More recently, there have been reports of protein-based systems for detecting mutations in the BRCA1 gene (Simple Immunoassays for the Detection of BRCA1 in Cells: Journal of Clinical Ligand Assay, Vol. 22, Number 4, 1999 343-347). In this approach, two assays are performed. One measures the presence of full-length protein using one antibody specific for the N-terminal portion of the protein and a second measures the antibody specific for the C-terminal portion of the protein. The second assay uses two antibodies that are both specific for the N-terminal portion of the protein. If a given sample is from an individual who does not have a mutation in the BRCA1 gene, the amount of protein detected by both assays will be comparable. If the sample is from an individual who does have a mutation in the BRCA1 gene and that mutation leads to a truncation of the gene product, then the N-terminal assay measures higher levels of protein present than in the full-length assay. Assays of this type are limited in that they can only detect mutations that result in the generation of truncated protein. Such assays also require the use of two separate measurements which increases the potential for error. A related system is also discussed in U.S. Pat. No. 5,965,377.

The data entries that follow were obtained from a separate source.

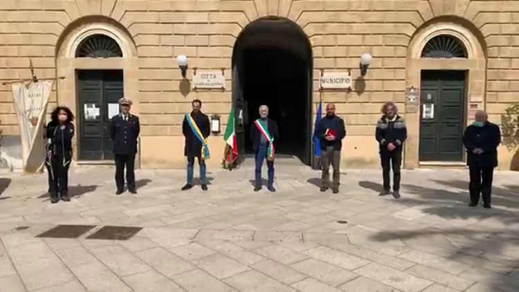 Anche a Lecce il Sindaco Carlo Salvemini ha osservato la cerimonia, in rigoroso silenzio, ai piedi di quella che storicamente è l’entrata principale di Palazzo Carafa. In un messaggio postato su Facebook il primo cittadino del capoluogo aveva scritto: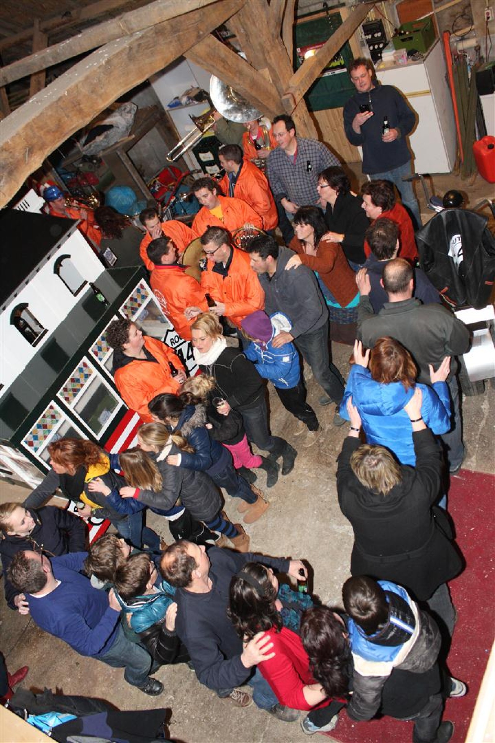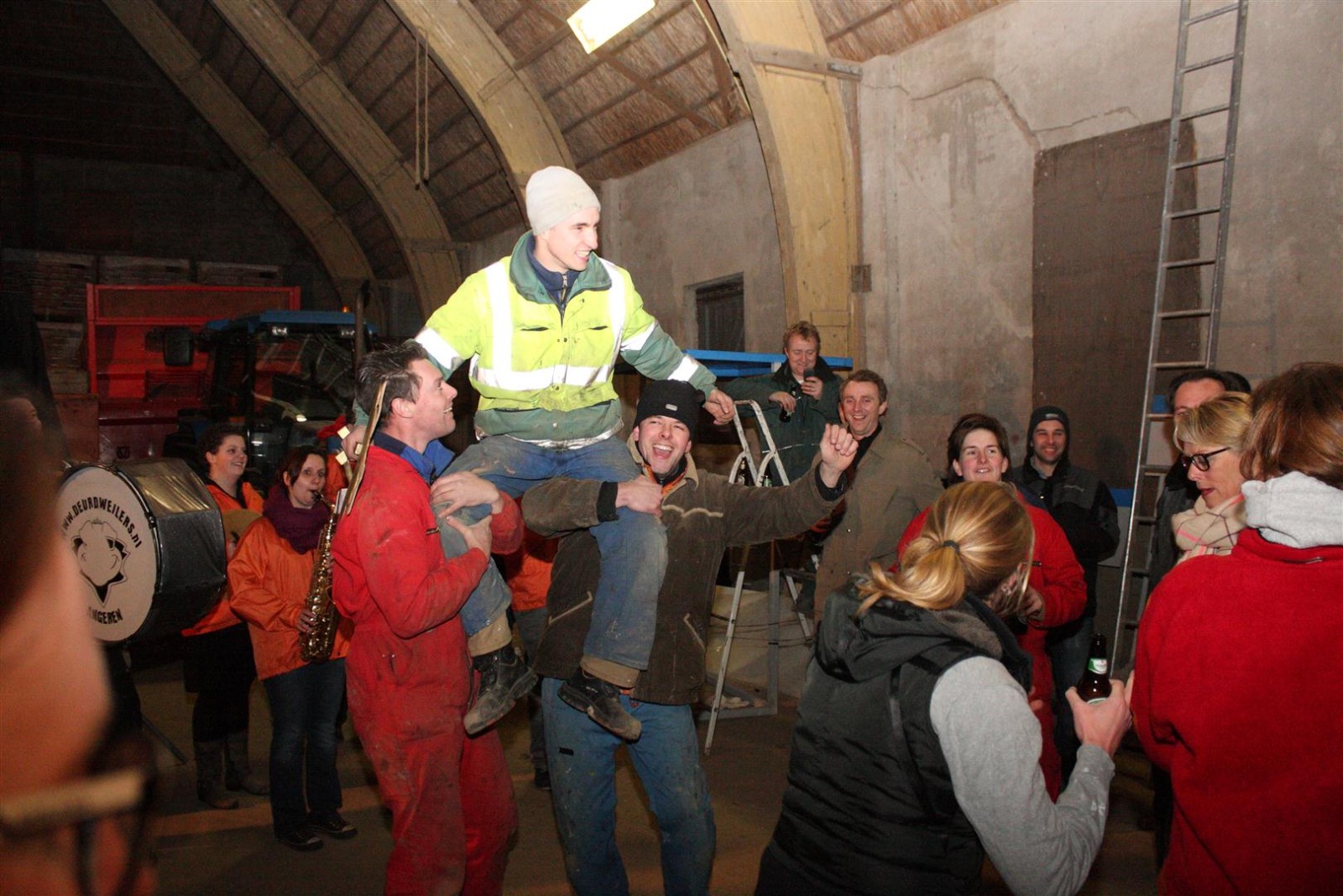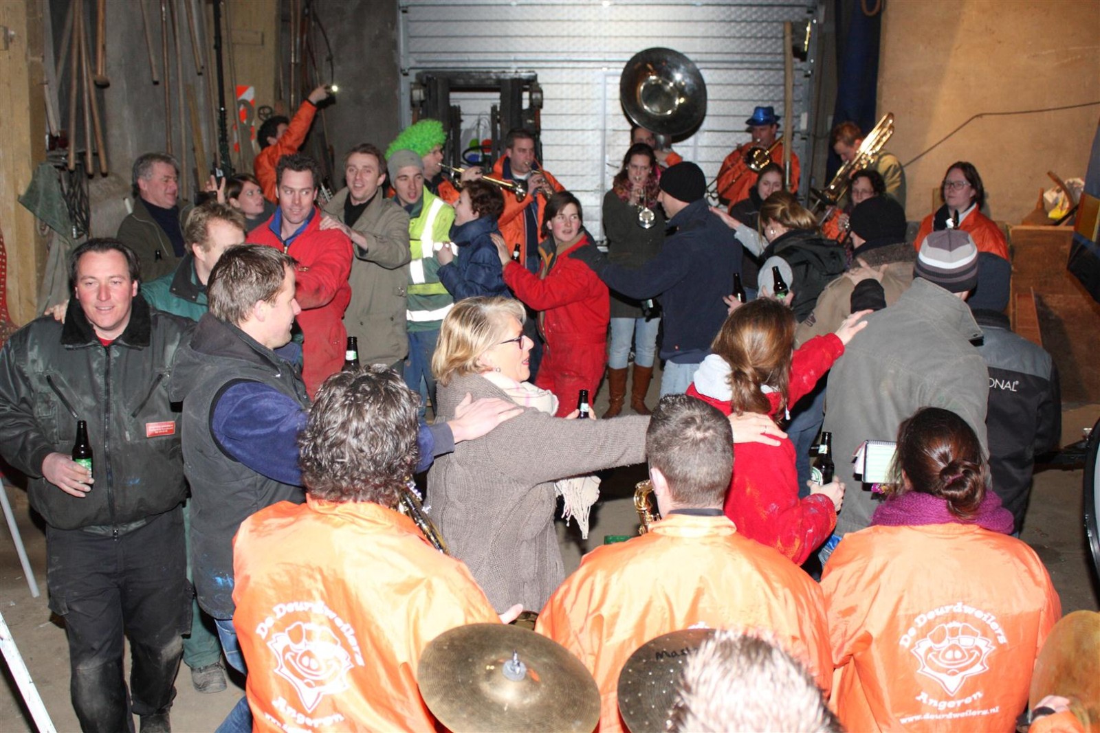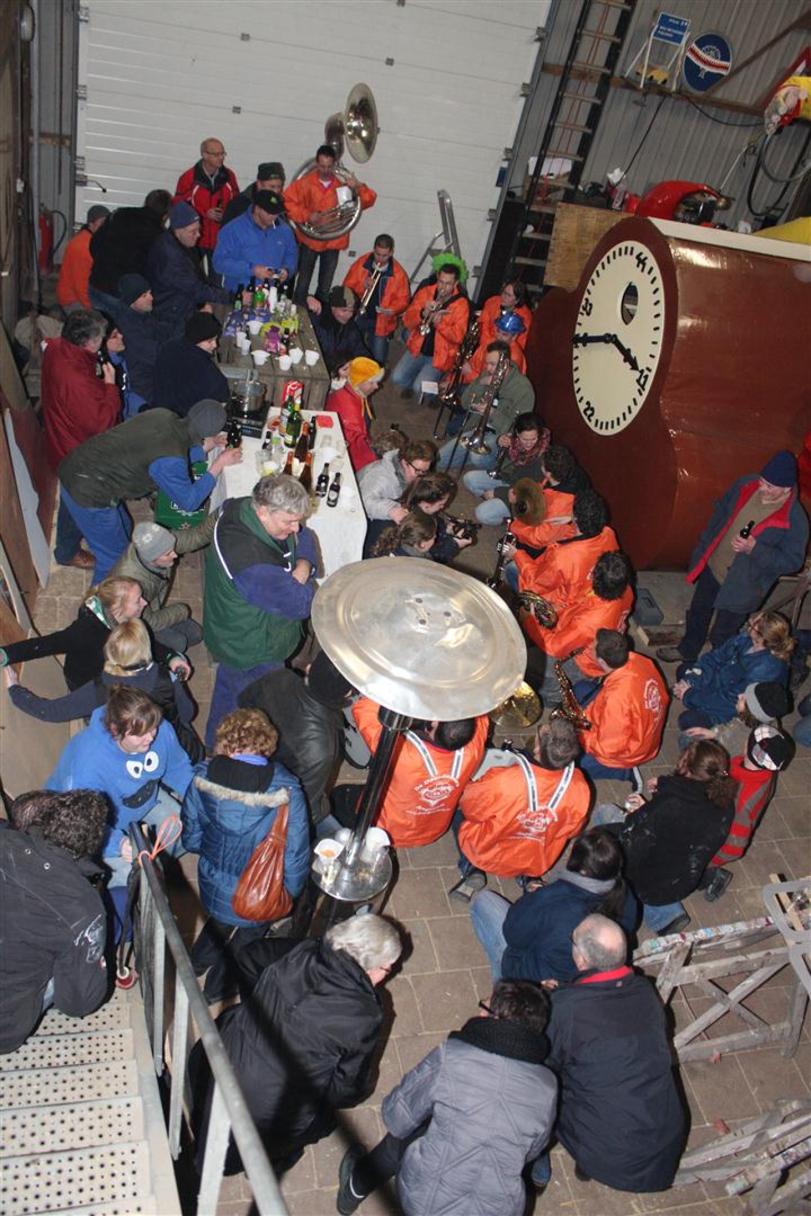 Een traditie die vorig jaar is begonnen wordt vanavond voortgezet. Als eerste werd een bezoekje gebracht aan TOK/FC Knudde. Het is dat het dak van de loods een meter of 5 hoog was anders was het eraf gegaan.
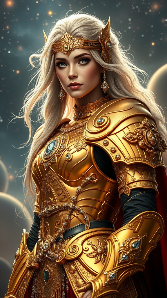 A stunning Noridian blonde warrior clad in a divine armor intricately crafted from gleaming gold and encrusted with dazzling diamonds, her radiant presence exuding an ethereal aura. Standing tall against a celestial backdrop, the high-detail rendering captures every facet of her luxurious battle attire, reflecting the light in mesmerizing patterns. The intricate design of her armor blends ancient elegance with a fashion-forward twist, creating a captivating blend of classical and contemporary aesthetics. Each element, from the intricate filigree to the meticulously placed jewels, tells a story of elegance and strength, embodying a balance of divine protection and opulent style. Set in an 8k resolution, the scene is a visually arresting masterpiece destined to trend on platforms like ArtStation, blurring the lines between fantasy and fashion in an exquisite showcase.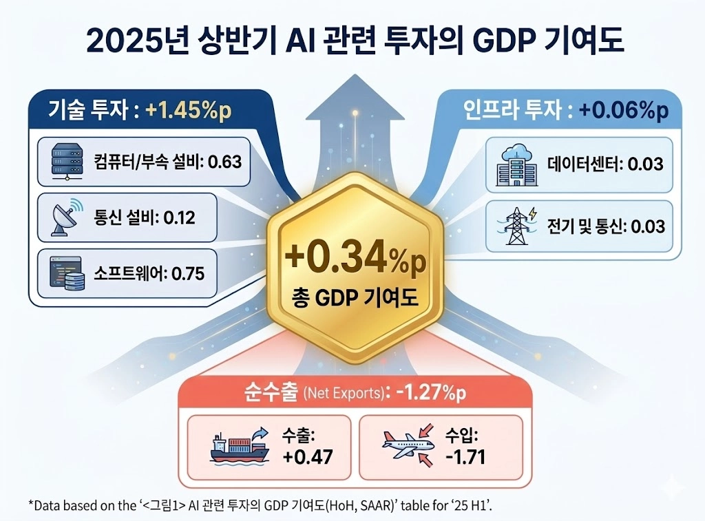 이러한 관세의 악영향에도 불구하고 미국 경제 성장률은 AI(인공지능) 관련 투자가 지탱하고 있습니다. 2025년 상반기 GDP 성장률(HoH 1.57%) 중 AI 관련 분야가 기여한 비중(0.34%p)이 무려 22%나 된답니다!

Therefore, a need exists for developing a simpler, more effective method for assessing the status of BRCA1 proteins in patients. The finding of BRCA1 mutations provides both diagnostic and prognostic information.
The present invention is based on the discovery that cells with mutated BRCA1 have lower levels of BRCA1 protein compared to cells with wild-type BRCA1. Therefore, by measuring the level of BRCA1 protein contained in a sample of a subject, one may determine the mutational status of BRCA1 in the subject.
Accordingly, one aspect of the present invention provides a method of detecting and determining the presence of BRCA1 gene mutation in a sample. The method includes the steps of determining the amount of BRCA1 polypeptide contained in the sample, and correlating the amount of BRCA1 polypeptide to the presence of the BRCA1 gene mutation in the sample, wherein the amount below a predetermined cutoff value is an indication of the presence of BRCA1 gene mutation in the sample.
Another aspect of the present invention provides a method for determining the presence of a condition associated with BRCA1 mutation comprising the steps of:
(a) determining the amount of BRCA1 polypeptide contained in a sample of the subject, and
(b) correlating the amount of BRCA1 polypeptide to the presence of the condition, wherein the amount below a predetermined cutoff value is an indication of the condition.
In accordance with embodiments of the present invention, the condition associated with BRCA1 mutation includes, but is not limited to, a predisposition to breast cancer or ovarian cancer, and the presence or prognosis of breast cancer or ovarian cancer.
The methods of the present invention are well suited for use to provide both diagnostic and prognostic information on diseases associated with mutations of BRCA1. The methods are also well suited for use in connection with immunoassay, image analysis, flow cytometry, or laser scanning cytometry technologies.
The invention is defined in its fullest scope in the appended claims and is described below in its preferred embodiments.